Originally Posted by *Artymisia* 
I

If you are still rear-facing ignore the tether comment. the LATCH system has a top tether (above the seat on the rear dashboard) but only for forward facing. The only instances I know of where a rear-facing seat uses the tether is in Minivans or large SUVs where I think there is one on the floor.

You are EXTREMELY incorrect and offering dangerous advice.

All convertible Britaxes can be tethered RF and SHOULD be tethered RF, regardless of what kind of auto they are harnessed in, and regardless if seats are installed with a seatbelt or lower anchors.

OP, your seat has a tether coming out of the top of the carseat. It should be attached to an immovable point in front of the seat, using the D-ring that comes with your seat. Consult your manual.


----------



## ThreeBeans (Dec 2, 2006)

Quote:


Originally Posted by *njbeachgirl* 
the towel worked wonders. I now love my seat. Everything else about it is fabulous and Maya seems to like it too.

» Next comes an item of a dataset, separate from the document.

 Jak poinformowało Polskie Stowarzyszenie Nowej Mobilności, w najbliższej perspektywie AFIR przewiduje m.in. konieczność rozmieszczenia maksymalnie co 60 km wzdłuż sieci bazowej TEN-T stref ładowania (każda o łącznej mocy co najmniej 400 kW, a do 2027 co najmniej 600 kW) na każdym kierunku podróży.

Next I am going to check out the tethers







Thanks all!!!

You do NOT NEED A TOWEL. Please take it out and install with the top tether


----------



## alegna (Jan 14, 2003)

Quote:


Originally Posted by *Artymisia* 
I have the decathlon which is similar. I've noticed that the incline of the seat makes a really big difference. We have a Saturn Aura and the baby seat sits almost vertically. My mother has a Honda Accord and it looks much more comfortable.

If you are still rear-facing ignore the tether comment. the LATCH system has a top tether (above the seat on the rear dashboard) but only for forward facing. The only instances I know of where a rear-facing seat uses the tether is in Minivans or large SUVs where I think there is one on the floor.

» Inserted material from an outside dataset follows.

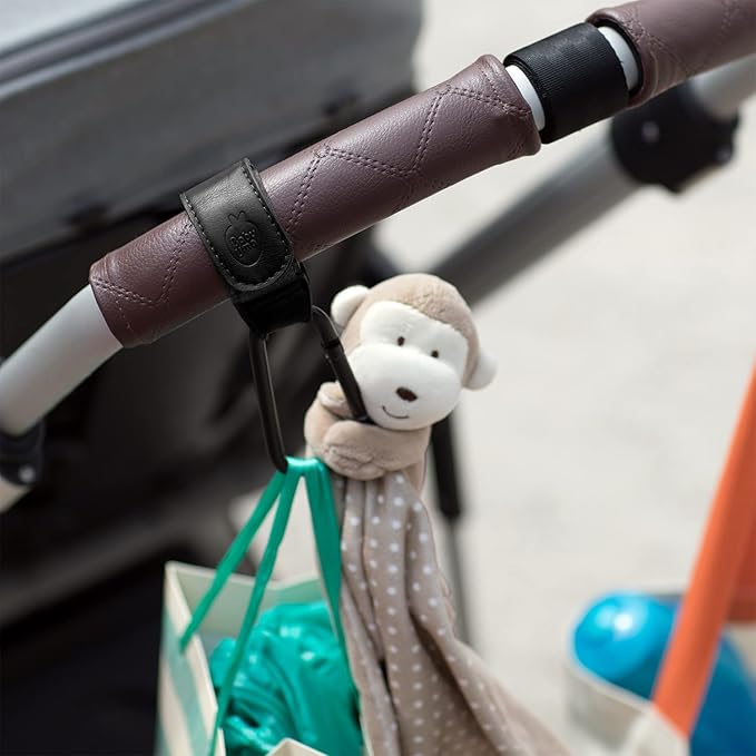 - CARRY 4 EXTRA BAGS: Sturdy yet lightweight, the beautiful mommy hook combines a faux leather strap with matte black carabiners. Each stroller carabiner clip can handle 11 lbs with ease!

No, no no. Britax seats tether rear facing.

Much safer

-Angela


----------



## alegna (Jan 14, 2003)

Quote:


Originally Posted by *ThreeBeans* 
You do NOT NEED A TOWEL. Please take it out and install with the top tether

















:









-Angela


----------



## keriberry (May 27, 2007)

Tether it...get tether out of back pouch...unclip the D-ring at the end...locate immovable part of vehicle (usually seat track/leg of drivers or passengers seat...thread d ring through loop on the end...clip tether to it...tighten to proper angle...Voila! You can choose the best angle for you childs' age by tightening or loosening the tether!


----------



## kewpie-o (Jun 1, 2006)

A police officer who is certified to install car seats installed our Marathon and used a rolled up towel and did not tether it to the bottom of the front seat frame w/ the D ring.







:


----------



## keriberry (May 27, 2007)

Yes, I've heard of some telling parents to take off the RFing tether.

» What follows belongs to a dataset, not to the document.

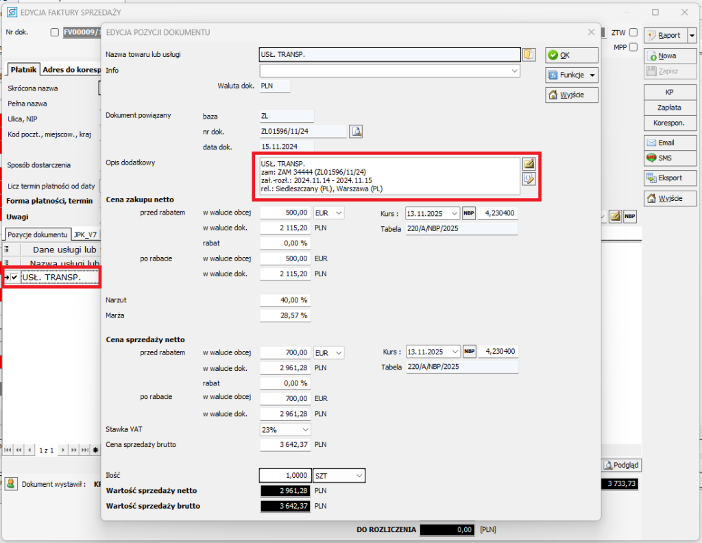 Przenoszenie danych ze zlecenia do pola „Opis dodatkowy” w dokumentach sprzedaży / fakturach

: It's IN the manual! Go ahead and get rid of that towel and add the tether. The MA is one of the easiest seats to install. You'll have it much safer afterward.


----------



## Synchro246 (Aug 8, 2005)

Do you have a picture of your seat installed?







:


----------



## All together ooky (Jun 3, 2004)

Please remove the towel and tether the seat to a non-movable point (like a front seat post). There are directions in the manual (Versa Tether). Britax does not recommend using towels or pool noodles. It is not neccessary.

Being able to rear-face tether is a great safety plus for the Britaxes. It prevents rebound and adds stability in side-impacts and roll-overs.


----------



## kewpie-o (Jun 1, 2006)

Okay - I tethered it to the bottom immovable part of the front seat just like the instructions say to do.

It makes me so irritated that a trained professional installed my car seat wrong.







: My mom had installed it for us when DD was born, but we decided to take it out and use an infant seat for a while. We were recently ready to switch back to the Marathon, and I thought it would be best to make an appt w/ the police department to have someone that is trained in car seat safety install it for us.

When my mom had it in there, she had it tethered just like the instruction manual says to do. Although, she also had a towel under it because my back seat has a pretty steep incline.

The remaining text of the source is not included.